2. The details of the Scheme are:

(a) The rate of interest equalization @ 3% per annum is available on Pre Shipment Rupee Export Credit and Post Shipment Rupee Export Credit.

(b) The scheme is applicable w.e.f 01.04.2015 for 5 years .Government,

(c) All exports under 416 tariff lines [at ITC (HS) code of 4 digit] as per Annexure A and exports made by Micro, Small & Medium Enterprises (MSMEs) across all ITC (HS) codes.

(d) Scheme is not applicable to merchant exporters.

(e) Banks are required to completely pass on the benefit of interest equalization, as applicable, to the eligible exporters upfront and submit the claims to RBI for reimbursement, duly certified by the external auditor.

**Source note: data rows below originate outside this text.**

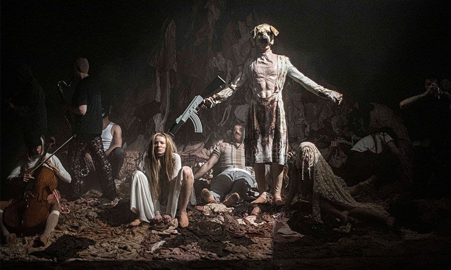 Chiens se présente comme une installation plastique et musicale autour de l’Affaire French Bukkake, dossier emblématique des violences sexuelles dans le porno. À partir de plusieurs cantates de Johann Sebastian Bach, la metteuse en scène Lorraine de Sagazan confronte le répertoire sacré aux mots crus de ces scènes dont on ne verra pas l’image. Un spectacle porté par un chœur d’acteurs, d’actrices et les musiciens et musiciennes de l’ensemble Miroirs Étendus.
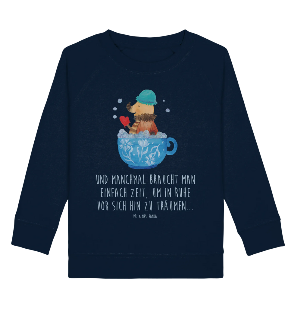 Herzlich Willkommen in der Welt des Nachtfalters Schaumbad von Mr. & Mrs. Panda! Dieser bezaubernde Organic Kinder Pullover hebt sich mit einem süßen Motiv hervor, das einen kleinen Nachtfalter zeigt, der es sich in einer Kaffeetasse gemütlich gemacht hat, um in einem entspannenden Schaumbad zu entspannen.
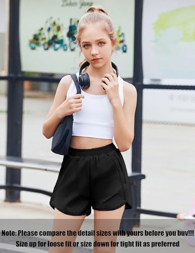 Zaclotre Girls Athletic Shorts with Zipper Pockets High Waisted Running Shorts Soccer Gym Sports Active Short for Kids 3
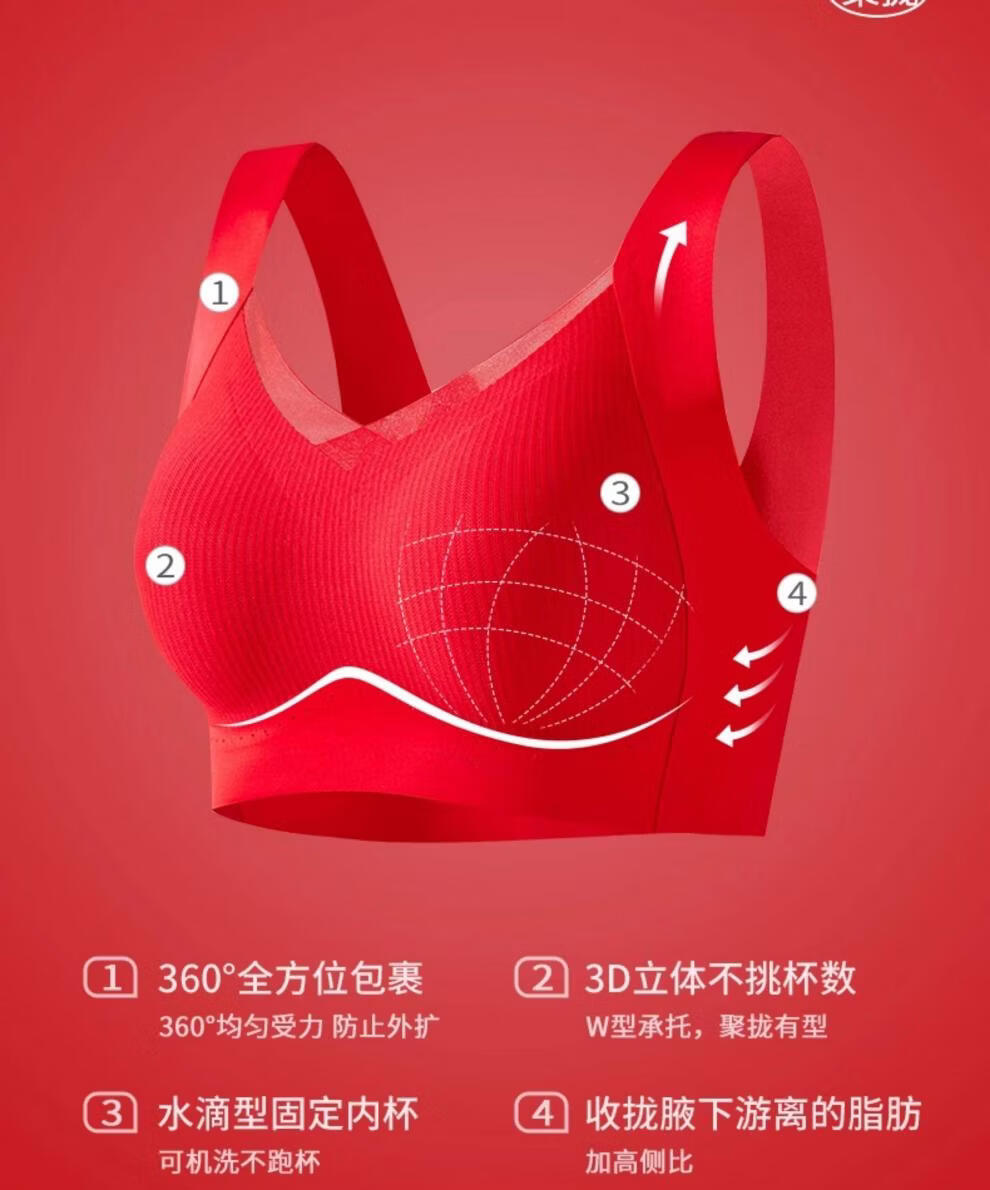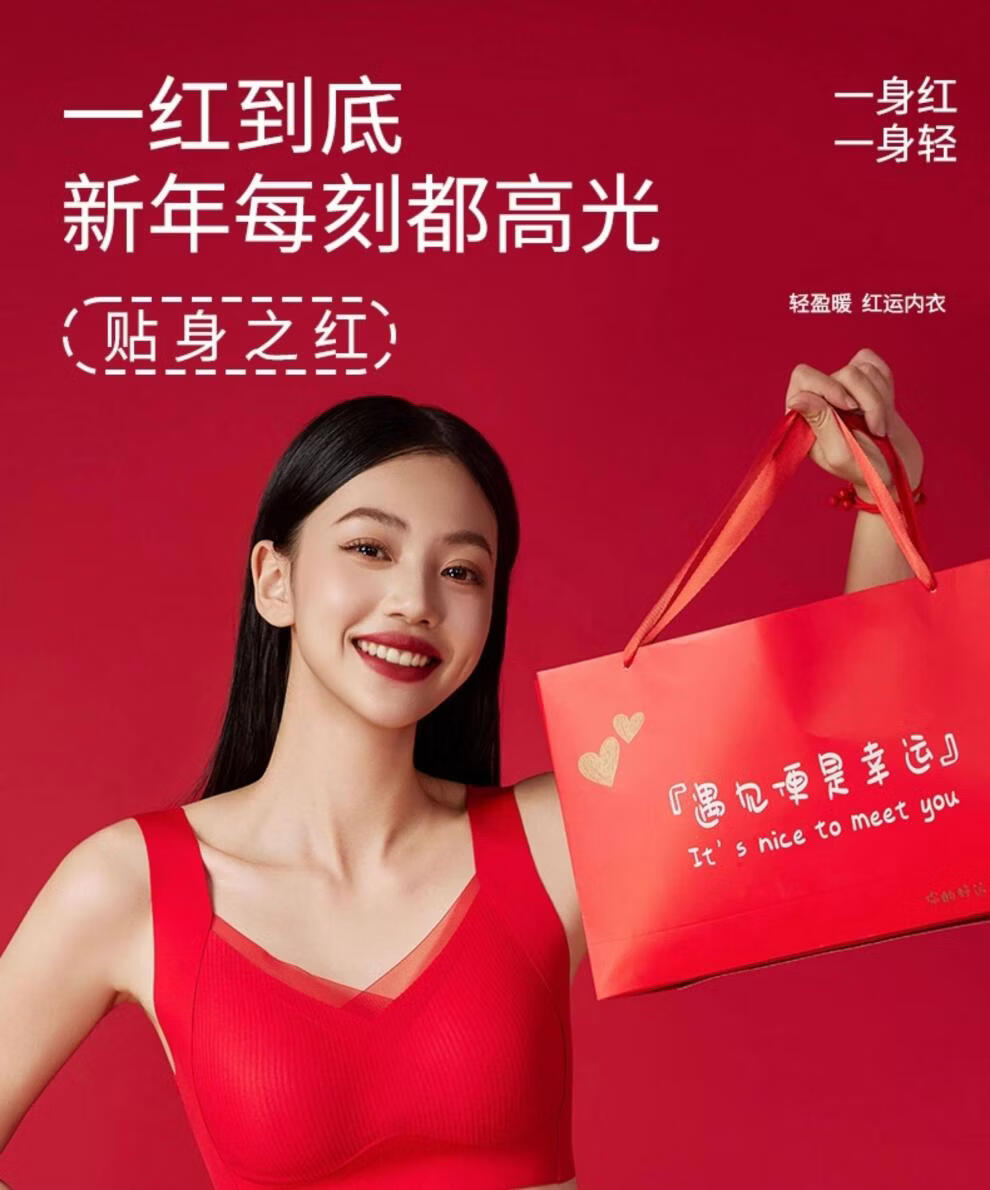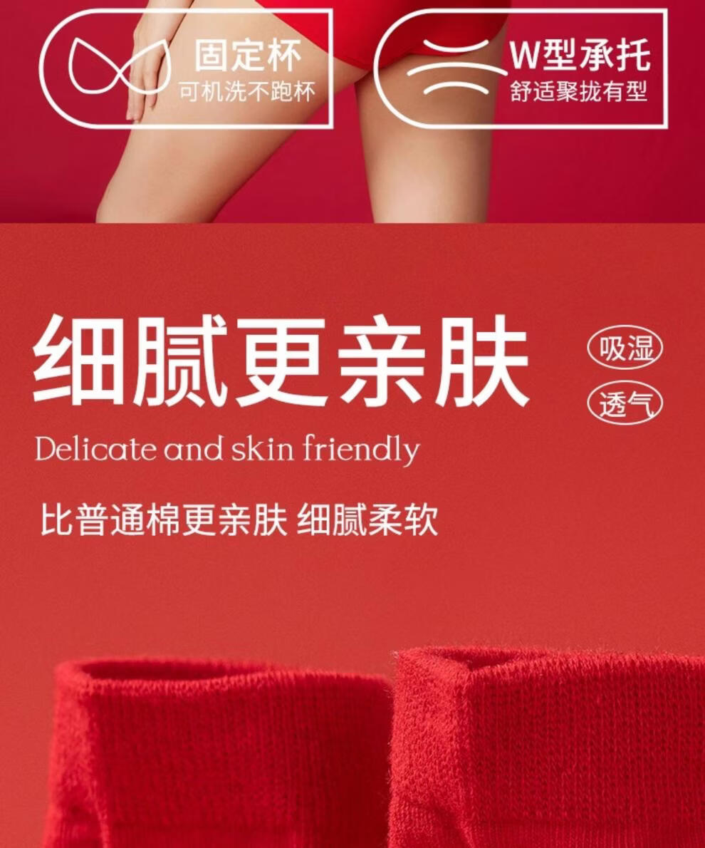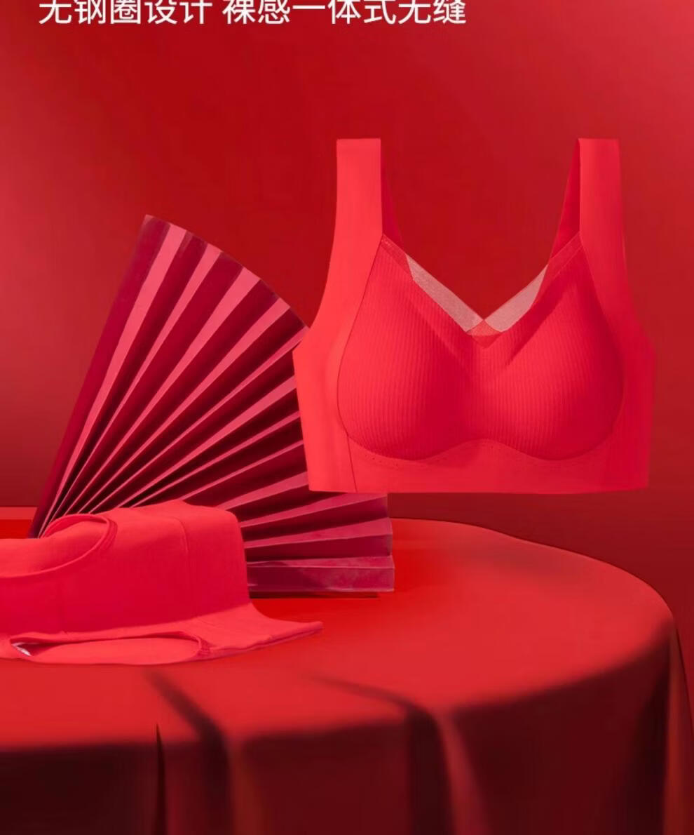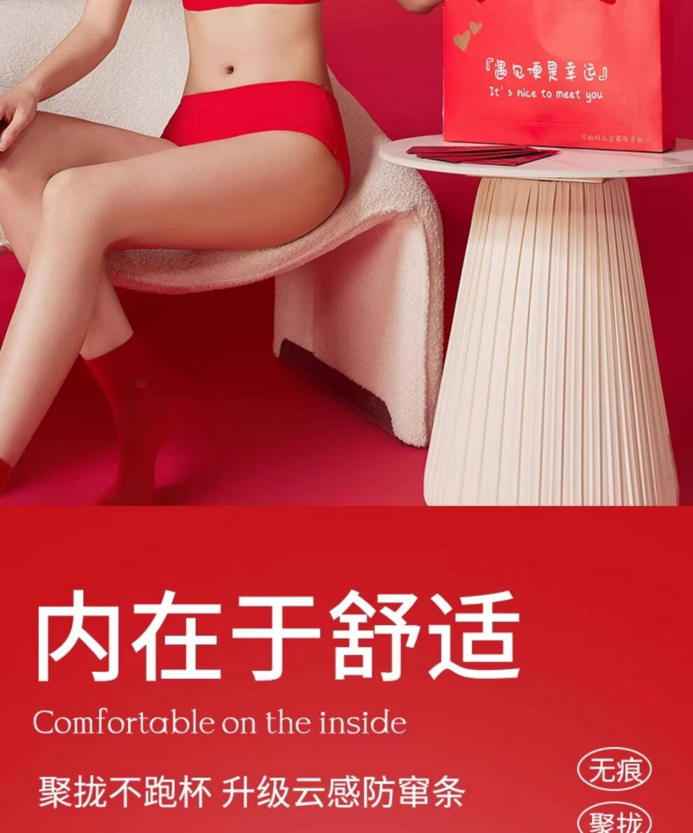Cat Man (MiiOW) 2026 Year of the Horse Zodiac Year Underwear Set Women's Red Seamless Push-up No Wires Wedding Bridal Bra Vest Style Good Gift Choice Chinese Red Underwear 1+Underwear 1+Socks 1 pair 3XL 42/95ABC 135-150Jin Jin equals 0.5 kg

(f) Ministry of Commerce and Industry Places funds in advance with RBI for a requirement of one month and reimbursement is made on a monthly basis through a revolving fund system.

Please Note:

1. The scheme is applicable only to Manufacturer exporters. The export the conditions of what amounts to manufacture as defined in the FTP

(Para 9.31  “Manufacture” means to make, produce, fabricate, assemble, process or bring into existence, by hand or by machine, a new product having a distinctive name, character or use and shall include processes such as refrigeration, re-packing, polishing, labeling, Re-conditioning repair, remaking, refurbishing, testing, calibration, re-engineering.))

2. Manufacturing must satisfy the Origin Rules on what constitutes manufacture. This means para 2.108 of the FTP must be followed. It states:

2.108 Rules of Origin (Non-Preferential)

(a) Rules of Origin (Non-Preferential) criteria are as under:

(I) Goods are to be manufactured by the exporting entity as per the definition of “Manufacture” in Paragraph 9.31 of FTP; and

(II) If imported inputs (Duty Paid or Duty Free) have been used for the production of export product, the export product can be considered to be originating in India (Non Preferential) only if the imported inputs undergo the processing / operations that exceed the following:

(i) simple operations consisting of removal of dust, sifting or screening, sorting, classifying, matching (including the making-up of sets of articles), washing, painting, cutting; - 4 –

(ii) changes of packing and breaking up and assembly of consignments;

(iii) simple cutting, slicing and repacking or placing in bottles, flasks, bags, boxes, fixing on cards or boards, and all other simple packing operations;

(iv) operations to ensure the preservation of products in good condition during transport and storage (such as drying, freezing, keeping in brine, ventilation, spreading out, chilling, placing in salt, sulphur dioxide or other aqueous solutions, removal of damaged parts, and like operations);

(v) affixing of marks, labels or other like distinguishing signs on products or their packaging;

(vi) simple mixing of products ;

(vii) simple assembly of parts of products to constitute a complete product;

(viii) disassembly;

(ix) slaughter which means the mere killing of animals; and

(x) mere dilution with water or another substance that does not materially alter the characteristics of the products.

Special Value Add Norms for Telecom sector:

The Ministry of Commerce, however, said in the scheme that Telecom products would be covered under a special scheme for value addition. The extract from the circular states:

“(h) Telecom product exports would, after notification of the guidelines by the Department of Telecommunications, however, be subject to minimum value addition as notified by Department of Telecommunications, to be eligible under the scheme”

The Department of Telecomm has now released the value addition norms for this sector. Notification no 18-34/2013/IP dated 28th November, 2016 is attached.

The Highlights are:

1. Value addition norms are very high. Imported inputs must not more than 60 percent in the final products and

2. Manufacture must be from CKD including PCBA.

3. In the case of mobiles which fall under 85171290 HS for complete mobiles and 851770 HS for Parts, the criteria for import content is lowered to 80 percent of the export value.